Son: Mom, we played dodgeball today.
Me: Oh yeah?
Son: Yeah!
Daughter: Yeah, we played it in gym.
Son: Mommy, do you think if I got hit with the ball as it was hitting the ground that I should’ve been out?
Me: You mean, it hit the ground and you at the same time?
Son: Yeah.
Me: Yeah, if it hit you, you were out.
Son: (Backpedaling) Well, it actually skidded on the floor. Then it hit me.
Me: Nice try, buddy. You’re still out.
Son: Dangit!
Me: {giggle} It isn’t the end of the world, honey. If you get out, they’ll catch you back in.
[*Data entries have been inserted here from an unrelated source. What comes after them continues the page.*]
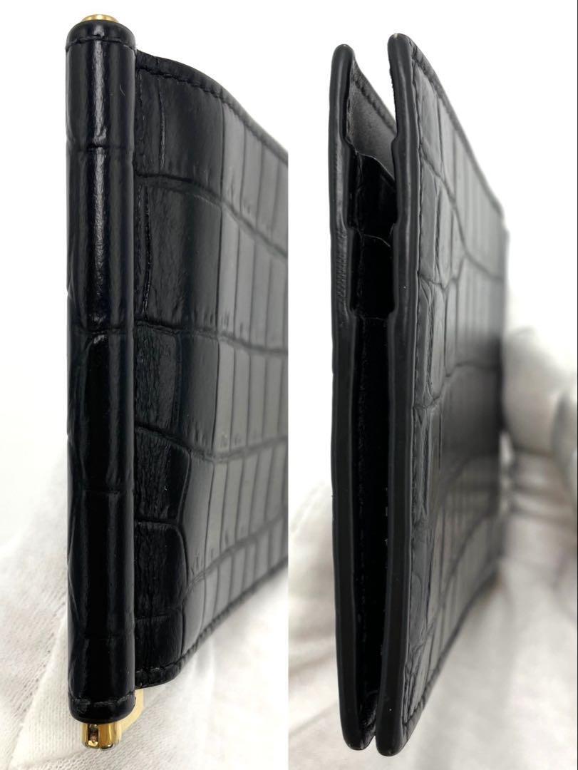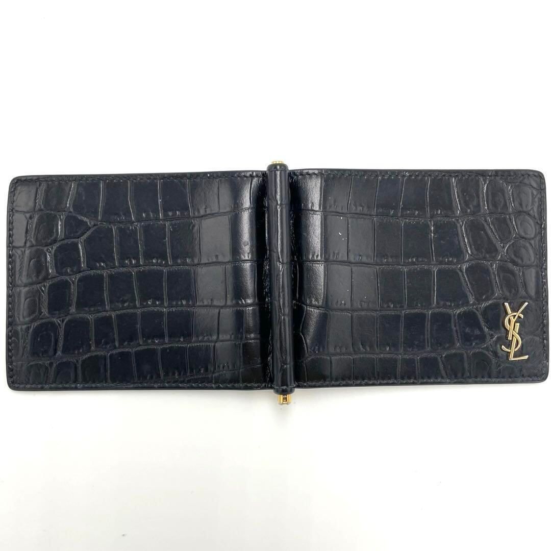 No.231 超人気☆【美品】SAINTLAURENT サンローラン マネークリップ クロコ型押し タイニー カサンドラ YSLライン ART607738 ブラック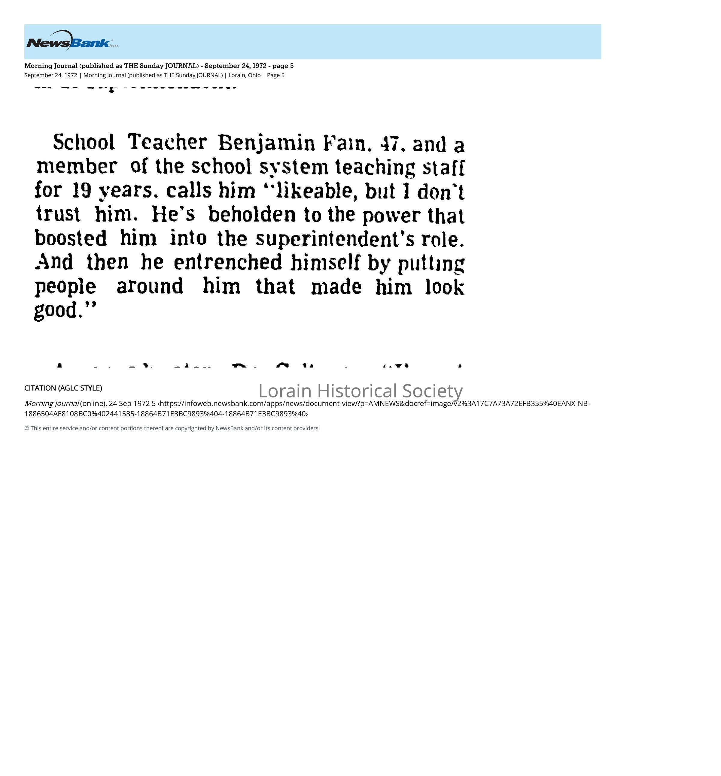 In this quote published in the Sep 24, 1972 edition of the Lorain Journal, Mr. Hamzah shares his impressions of the new superintendent.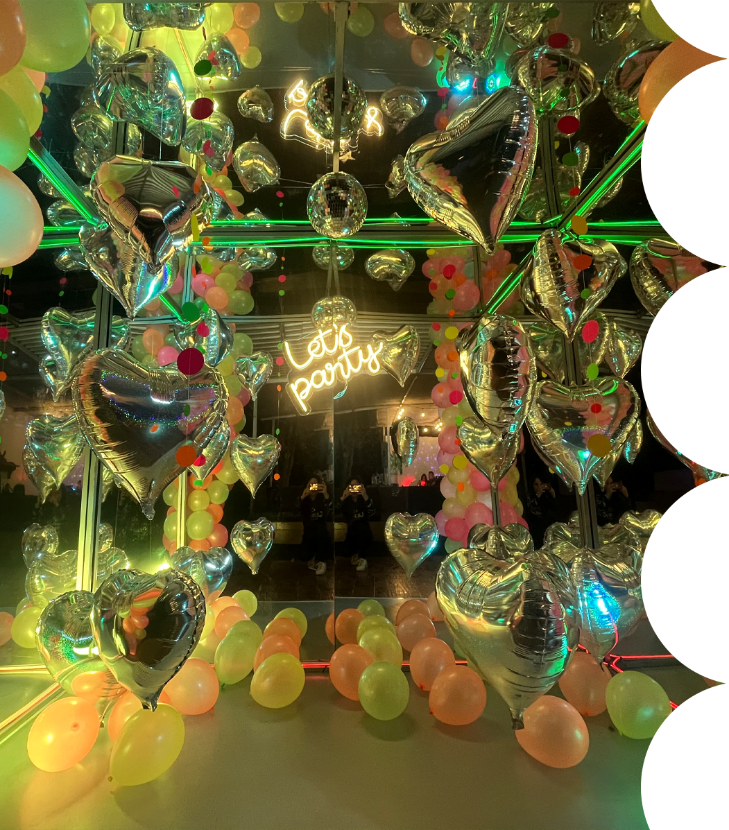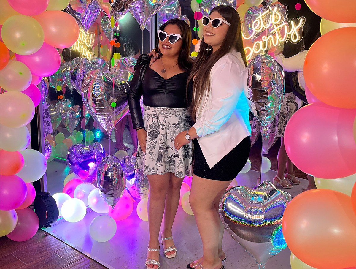 Cabina espejada Captura momentos únicos e instagrameables. Nuestra cabina es ideal para: eventos corporativos, bodas, 15 años, graduaciones, cumpleaños y mucho más. Su decoración se adapta a la temática que busques, con luces y letreros LED.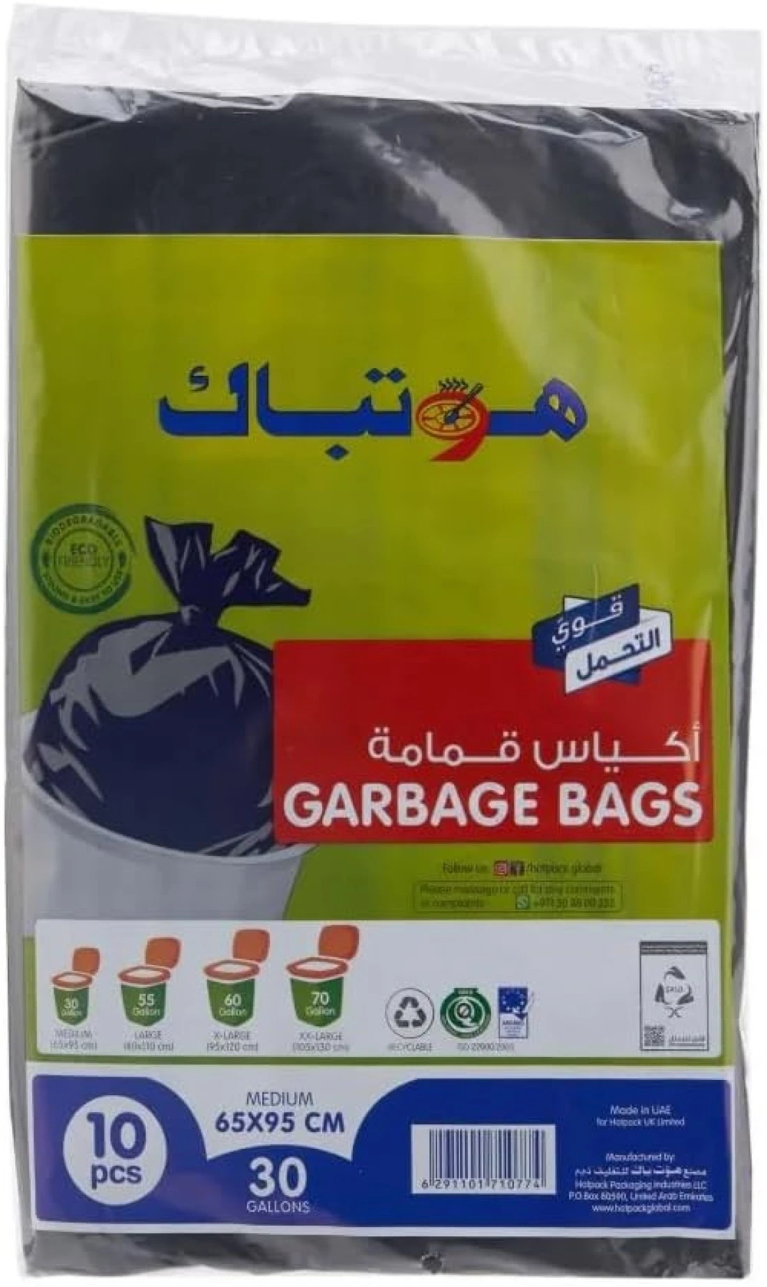 اكياس قمامة 105 × 130 سم تتحمل الاستخدام الشديد وتتسع 70 جالون، 10 قطع من هوتباك، 10 وحدات

Son: That isn’t how we play it.
Me: What? That’s how you play!? What do you do when you’re hit, then? How do you get back in?
Son: A doctor has to save you.
Me: A WHAT!?
Daughter: A doctor has to save you…
Son: There are four cones, and there are doctors. Y’know those pool floaty thingies?
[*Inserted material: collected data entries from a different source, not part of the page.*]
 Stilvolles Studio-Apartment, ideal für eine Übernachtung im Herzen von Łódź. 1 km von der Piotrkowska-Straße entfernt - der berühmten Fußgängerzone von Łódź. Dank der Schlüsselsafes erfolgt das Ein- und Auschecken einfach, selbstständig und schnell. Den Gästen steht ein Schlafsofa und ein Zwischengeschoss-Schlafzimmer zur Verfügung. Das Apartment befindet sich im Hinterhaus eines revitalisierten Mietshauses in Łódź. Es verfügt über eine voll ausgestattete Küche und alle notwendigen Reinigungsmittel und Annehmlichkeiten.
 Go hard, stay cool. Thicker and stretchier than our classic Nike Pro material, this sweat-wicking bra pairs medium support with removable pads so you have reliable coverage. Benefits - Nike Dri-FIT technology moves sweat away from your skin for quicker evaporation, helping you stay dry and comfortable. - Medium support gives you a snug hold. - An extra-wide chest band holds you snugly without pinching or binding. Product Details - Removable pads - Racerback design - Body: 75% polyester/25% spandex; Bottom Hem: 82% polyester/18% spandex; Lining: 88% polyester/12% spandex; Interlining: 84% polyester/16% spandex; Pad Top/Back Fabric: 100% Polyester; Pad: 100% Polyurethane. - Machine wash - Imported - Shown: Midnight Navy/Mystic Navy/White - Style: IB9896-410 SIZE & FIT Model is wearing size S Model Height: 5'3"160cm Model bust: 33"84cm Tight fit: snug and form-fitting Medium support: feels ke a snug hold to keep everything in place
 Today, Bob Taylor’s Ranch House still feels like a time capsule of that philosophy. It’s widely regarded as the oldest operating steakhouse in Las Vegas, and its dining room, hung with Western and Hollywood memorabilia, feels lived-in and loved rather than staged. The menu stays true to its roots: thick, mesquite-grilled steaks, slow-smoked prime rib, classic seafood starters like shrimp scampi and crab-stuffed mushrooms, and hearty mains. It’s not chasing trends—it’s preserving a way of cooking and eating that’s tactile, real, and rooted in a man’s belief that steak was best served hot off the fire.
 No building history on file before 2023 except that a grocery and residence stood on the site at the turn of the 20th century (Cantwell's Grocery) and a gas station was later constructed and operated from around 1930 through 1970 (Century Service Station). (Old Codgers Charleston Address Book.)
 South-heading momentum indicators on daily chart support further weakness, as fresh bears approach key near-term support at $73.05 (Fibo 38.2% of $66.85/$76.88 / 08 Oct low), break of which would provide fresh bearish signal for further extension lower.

Daughter: Yeah, the long noodley thingies?
Me: Uh.. yeah?
Son: That’s how they save you. They whack you.
Me: They WHAT!?
{Both of them laugh}
Son: Yes, they whack you. They have to reach you with the pool thing, and they whack you.
Daughter: Well, they don’t whack me. The doctors just tap me.
Son: No, the kids in my class whack people to bring them back to life.
Daughter: They do?
Son: Yeah, we get whacked.
And I couldn’t stop laughing. I still can’t. I don’t know why this conversation made me laugh so freakin’ hard, but it had to be shared. Kids whackin’ each other with pool noodles during dodgeball. Can you imagine?
I have simply HAVE to volunteer during gym. With my video camera. Heh!